## Problem description
In the records below, the line that contains "2021年度企业负责人薪酬信息披露及企业工资总额信息披露" marks the start. Copy it and each line after it through the end, exactly, without pictures.

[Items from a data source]
# # #

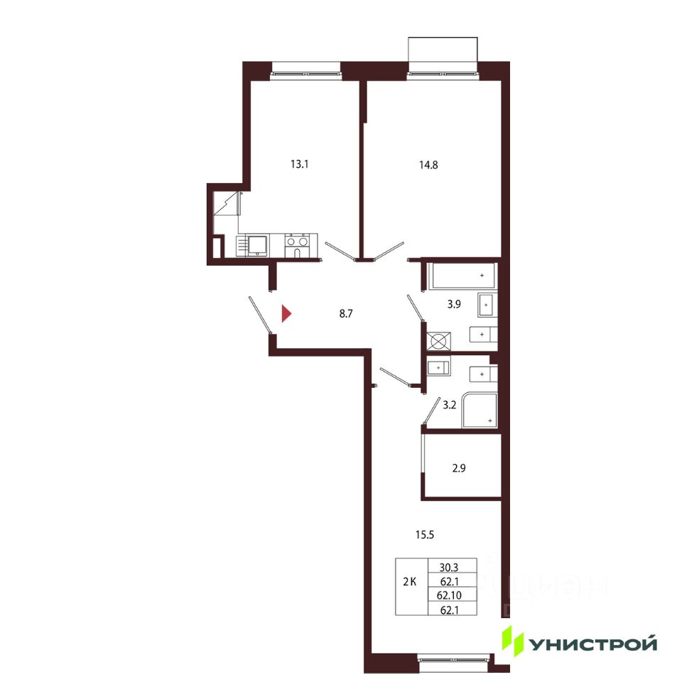 Общая площадь62,1 м2
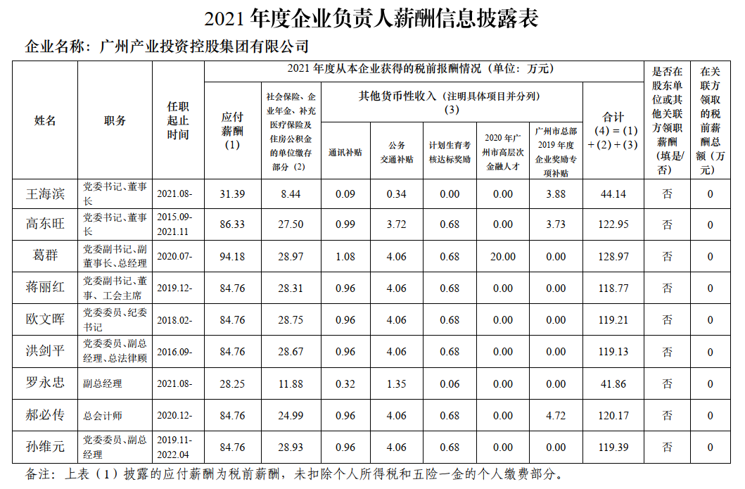 2021年度企业负责人薪酬信息披露及企业工资总额信息披露
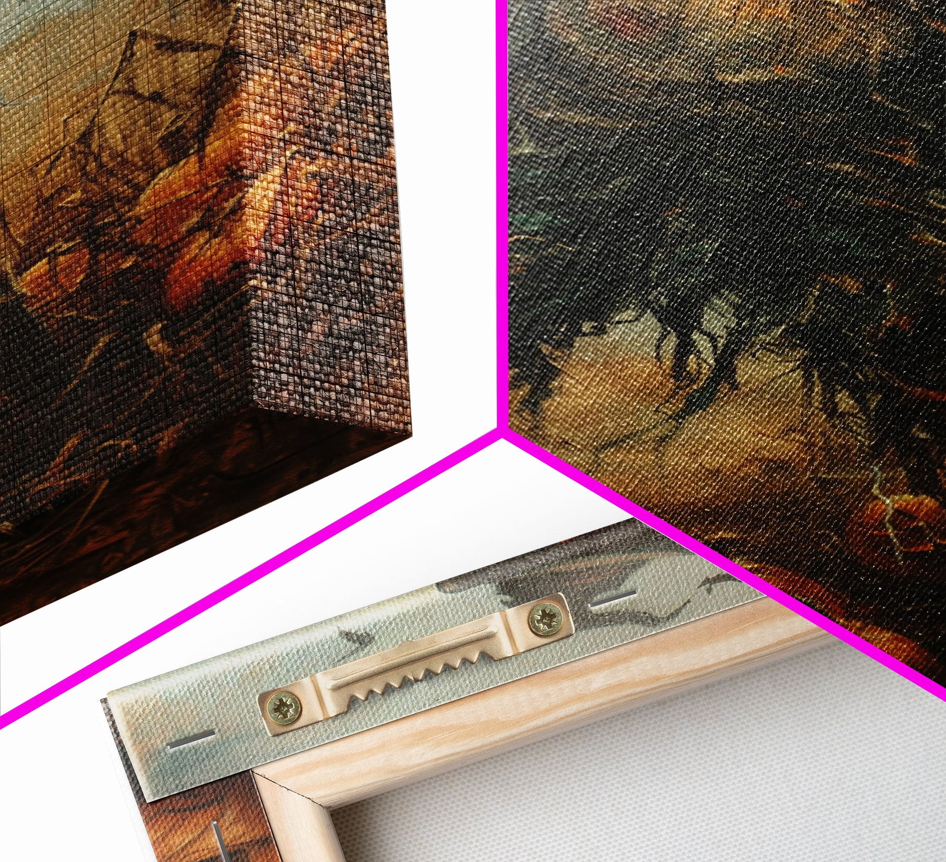 *SHIPPING: Every canvas is carefully wrapped in bubble wrap and foam corner protectors, and shipped fully assembled and ready to hang with sawtooth hangers in a flat box. All you need is a hammer!
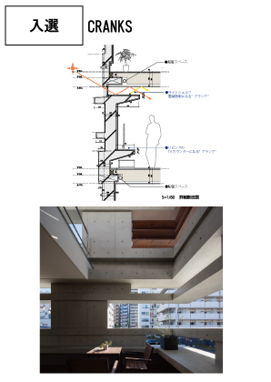 【講評】都市の高密度の敷地に計画される住宅は一般的に地盤、防災、耐震、防音、杭、コストという都市型建築の持つ共通の問題を抱えている。この提案は密集地域の都市型住宅の新しいモデルの提案である。具体的には特殊な壁式RC造と在来木造の混構造で諸問題の解決を目指している。この実現のためのアイデアはタイトル名の様に“CRANK”することで壁厚と重量を抑えて水平垂直力を効率的に負担できる特殊なRCの外壁であり、そしてその形状が木造梁の受け皿として機能し、開口部周りのライトシェルフやカウンターとしても機能している。さらに周囲を耐震
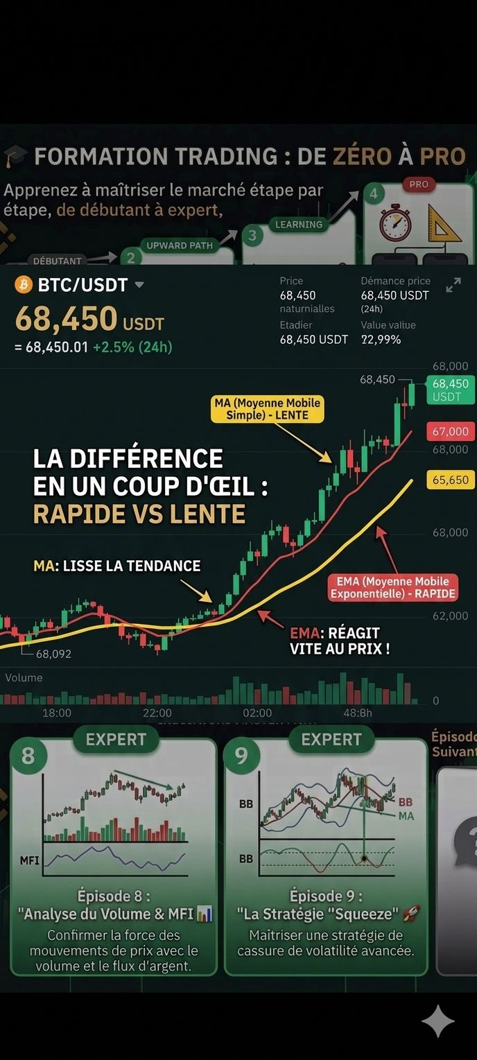 Why are they essential? Because in trading, "The Trend is your Friend". Moving averages are your best allies to never row against the current.
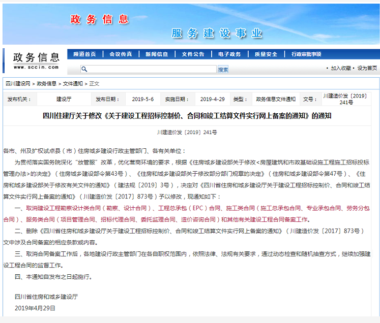 四川住建廳關(guān)于修改《關(guān)于建設(shè)工程招標(biāo)控制價(jià)、合同和竣工結(jié)算文件實(shí)行網(wǎng)上備案的通知》的通知
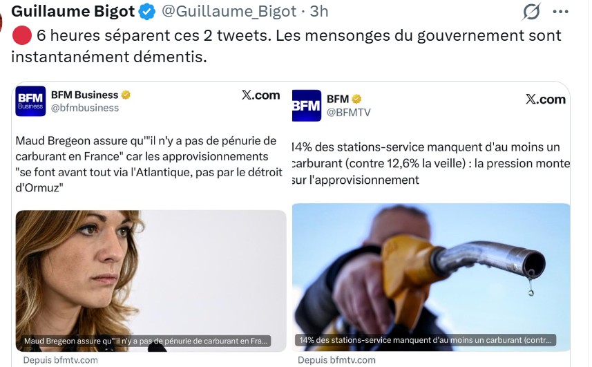 Le gouvernement (via le Premier ministre Sébastien Lecornu) a reconnu l’existence de « surplus fiscaux » générés par la flambée des prix des carburants (due à la crise énergétique). Il propose d’utiliser ces recettes supplémentaires pour financer l’électrification de l’économie, plutôt que de baisser massivement les taxes à la pompe.Ce qui s’est passé :Pendant des semaines, le gouvernement et ses porte-parole niaient fermement toute « cagnotte » ou recette fiscale exceptionnelle liée à la hausse des carburants. Ils rejetaient les accusations du RN qui les traitait de « profiteurs de crise ».
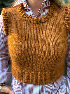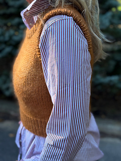 Charming and soft, Cozy Prep is a cropped vest with subtly shaped cap shoulders. It’s worked in the round to the armholes with minimal finishing. The hemmed neckline and armhole details add a sophisticated finish to this cozy layering piece.
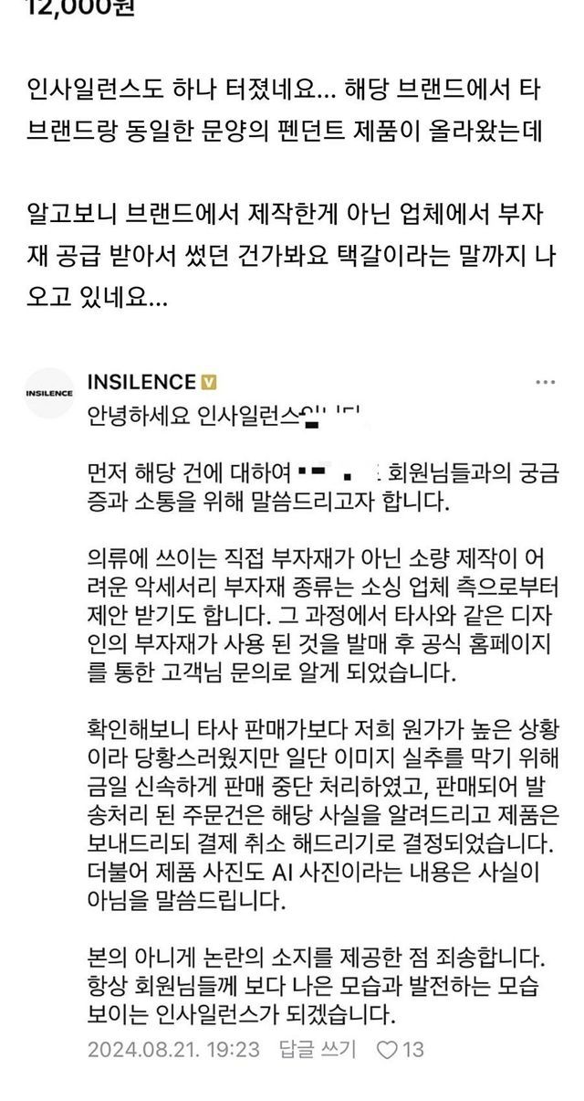 무신사에서 상위권에 더현대에도 입점한 브랜드가 알리 택갈이 하다가 걸림

# # #

## Exercise answer
 2021年度企业负责人薪酬信息披露及企业工资总额信息披露
 *SHIPPING: Every canvas is carefully wrapped in bubble wrap and foam corner protectors, and shipped fully assembled and ready to hang with sawtooth hangers in a flat box. All you need is a hammer!
 【講評】都市の高密度の敷地に計画される住宅は一般的に地盤、防災、耐震、防音、杭、コストという都市型建築の持つ共通の問題を抱えている。この提案は密集地域の都市型住宅の新しいモデルの提案である。具体的には特殊な壁式RC造と在来木造の混構造で諸問題の解決を目指している。この実現のためのアイデアはタイトル名の様に“CRANK”することで壁厚と重量を抑えて水平垂直力を効率的に負担できる特殊なRCの外壁であり、そしてその形状が木造梁の受け皿として機能し、開口部周りのライトシェルフやカウンターとしても機能している。さらに周囲を耐震
 Why are they essential? Because in trading, "The Trend is your Friend". Moving averages are your best allies to never row against the current.
 四川住建廳關(guān)于修改《關(guān)于建設(shè)工程招標(biāo)控制價(jià)、合同和竣工結(jié)算文件實(shí)行網(wǎng)上備案的通知》的通知
 Le gouvernement (via le Premier ministre Sébastien Lecornu) a reconnu l’existence de « surplus fiscaux » générés par la flambée des prix des carburants (due à la crise énergétique). Il propose d’utiliser ces recettes supplémentaires pour financer l’électrification de l’économie, plutôt que de baisser massivement les taxes à la pompe.Ce qui s’est passé :Pendant des semaines, le gouvernement et ses porte-parole niaient fermement toute « cagnotte » ou recette fiscale exceptionnelle liée à la hausse des carburants. Ils rejetaient les accusations du RN qui les traitait de « profiteurs de crise ».
 Charming and soft, Cozy Prep is a cropped vest with subtly shaped cap shoulders. It’s worked in the round to the armholes with minimal finishing. The hemmed neckline and armhole details add a sophisticated finish to this cozy layering piece.
 무신사에서 상위권에 더현대에도 입점한 브랜드가 알리 택갈이 하다가 걸림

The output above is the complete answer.